People

Jeffrey D. Sachs is a world-renowned professor of economics at Columbia University, leader in sustainable development, senior UN advisor, bestselling author, and syndicated columnist whose monthly newspaper columns appear in more than 100 countries. He is the co-recipient of the 2015 Blue Planet Prize, the leading global prize for environmental leadership, and has twice been named among Time Magazine’s 100 most influential world leaders.

Professor Sachs served as the Director of the Earth Institute at Columbia University from 2002 to 2016. During that time, he led a university-wide organization of more than 850 research scientists and policy experts in support of sustainable development, championed the Masters of Development Practice (MDP) program, which is now offered at 30 universities around the world, and helped to introduce the PhD in Sustainable Development at Columbia University. He was appointed University Professor at Columbia University in 2016 and also serves as Quetelet Professor of Sustainable Development and Professor of Health Policy and Management. He is Special Advisor to United Nations Secretary-General Ban Ki-moon on the Sustainable Development Goals, and previously advised both Secretary-General Ban Ki-moon and Secretary-General Kofi Annan on the Millennium Development Goals. He is a Distinguished Fellow of the International Institute of Applied Systems Analysis in Laxenburg, Austria.
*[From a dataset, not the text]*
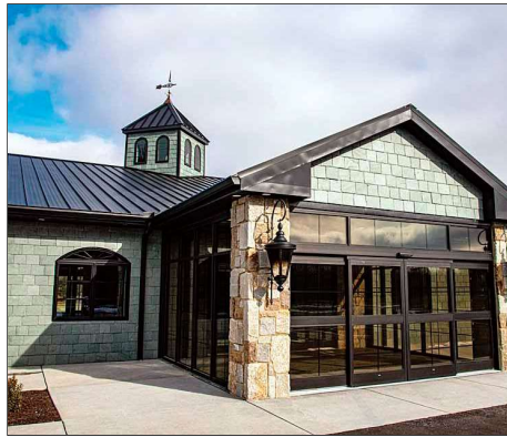
The Clubhouse, Huntington

Professor Sachs is widely considered to be one of the world’s leading experts on economic development, global macroeconomics, and the fight against poverty. His work on ending poverty, overcoming macroeconomic instability, promoting economic growth, fighting hunger and disease, and promoting sustainable environmental practices has taken him to more than 125 countries. Over the past thirty years, he has advised dozens of heads of state and governments on economic strategy in the Americas, Europe, Asia, Africa, and the Middle East. He was among the outside advisors to Pope John Paul II on the encyclical Centesimus Annus and currently works closely with the Pontifical Academy of Sciences and the Pontifical Academy of Social Sciences on issues of sustainable development.

Prior to his arrival at Columbia University in July 2002, Professor Sachs spent over twenty years as a professor at Harvard University, where he served as the Director of the Center for International Development and the Galen L. Stone Professor of International Trade. Sachs was born in Detroit, Michigan, in 1954. He received his B.A., summa cum laude, from Harvard College in 1976, and his M.A. and Ph.D. from Harvard University in 1978 and 1980 respectively.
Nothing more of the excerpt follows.